Eskiden müebbetten amaç, suç işleyen bireyin özgürlüğünün ömür boyu elinden alınmasıdır ve kişiden de buna katlanması istenirdi. Ama şimdi, Almanya üzerinden bütün dünyada kabul edilen bir şey vardır, bu da umut hakkıdır. Basitçe, tutuklunun özgürlüğe dair umudu vardır ve yasal olarak bu hak ona verilmiştir; şöyle bir şartta konulmuştur, kişi, iyileşme kaydettiğinde tahliye olabilir. Öcalan’la ilgili umut hakkı belirsizliğini korurken, iyileşmeyle ilgili de bir bilgi söz konusu değildir.

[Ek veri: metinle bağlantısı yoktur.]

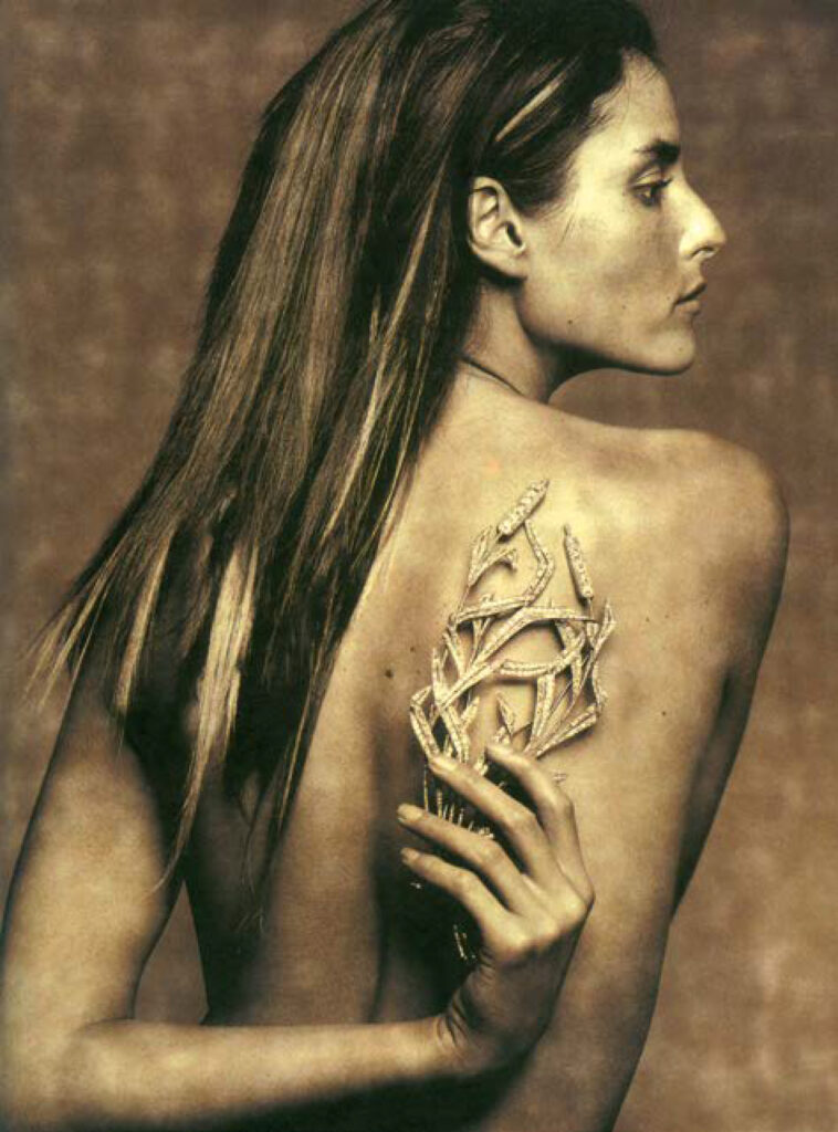 Retrouvez-vous ce goût de la théâtralisation chez Helmut Newton (1920-2004) ? Non, là c’est encore autre chose ! Newton se place dans un univers où l’érotisme joue un rôle principal, ce qui n’est pas le cas de mes photos qui relèvent d’une esthétisation, et non d’une érotisation. J’ai des visions idéalisées de la vérité et je veux que la vérité soit. Avec Helmut, même si on n’aime pas le sujet ou l’anecdote qu’il met en image, il y a toujours au final une belle photo. Il a été beaucoup imité par des photographes qui suivent ces sujets mais le résultat n’est pas là; les photos sont moches et n’ont pas du tout la même force graphique. On retient tout de suite une photo d’Helmut tandis que tant d’autres tombent dans l’oubli peut-être parce qu’ils croient faire de l’art avec du luxe au lieu de faire du luxe avec de l’art. Il a fait plus d’une trentaine de portraits de moi qui n’ont jamais été publiés. Toute cette série s’appelle Wilhemstrasse parce que j’y suis habillé en redingote grise, comme les personnes d’avant la guerre de 14 et qui eurent des responsabilités jusqu’au IIIe Reich. Les prises de vue ont été faites à Paris, dans le jardin de mon actuelle maison avec un maître d’hôtel en second plan ce qui fait très Wilhemstrasse. Mais personne ne les a jamais vues parce qu’Helmut est mort quelques temps après au volant de sa voiture, à 83 ans. Cette série n’avait pas été réalisée pour une publication. Même à la Fondation Newton de Berlin personne n’a de tirages de cela. Dans votre univers photographique, il y a Clarence H. White (1871-1925), Edwards Steichen (1879-1973) ou Paul Strand (1890-1976) qui photographie New York et les américains de la rue…Et aussi Alfred Stieglitz (1864-1946), l’un des plus grands au début du XXe siècle mais encore Tina Modotti (1896-1942) qui a fait des choses sublimes trente ans après lui. Sa modernité étonnante alliait son tempérament mexicain, sa soif de liberté et un sens inné de la présence. Dans le registre du picturalisme français, j’aime beaucoup Robert Demachy (1859-1936) mais préfère un Paul Citroen (1896-1983) qui, comme Man Ray (1890-1976), organisait soigneusement une perspective pour produire un effet réaliste. Puis, ils déformaient intentionnellement les images pour les adapter à leur thème.

Mevcut durumda ağırlaştırılmış müebbet almış mahkumlar otuz, müebbet almış mahkumlar ise yirmi dört yıl hapis yatar. Cezanın üçte ikisinin indirimi ise hukuki olarak yine bir boşluk doğurmaktadır.
Yasal anlamda, elbette en doğrusunu hukukçular bileceklerdir ama görülen o ki Öcalan’ın umut hakkı, Kürtlerin umutlarıyla iniltilidir. Marcel’in ifade ettiği açık zaman Kürtlere kapalı tutulmuştur; açık zaman varlığın zamanıdır, nitelikli zamandır; umut, aşk, saygı ve sadakatin zamanıdır. Umutsuzluk kötüdür, çünkü onun için zaman akmaz. Bir saatin diğer bir saatten farkı yoktur. Kürtlerin halidir bu, partiler bir şeyler vaat eder, seçim biter, birileri başa gelir, sonuç değişmez; kapalı zaman bu olsa gerek, Kürtler için bir ışık, bir yarık yoktur. Kürtlerin yaraları da hala buzdan dikenlerin içindedir, diriler susturulmuş, ortak paydamız, kardeş dediğimiz ve bana sımsıkı sarılan ölüler de dünyanın bütün dilleriyle susmaktadırlar. En ağır olan da şimdi kardeşimin susmasıdır.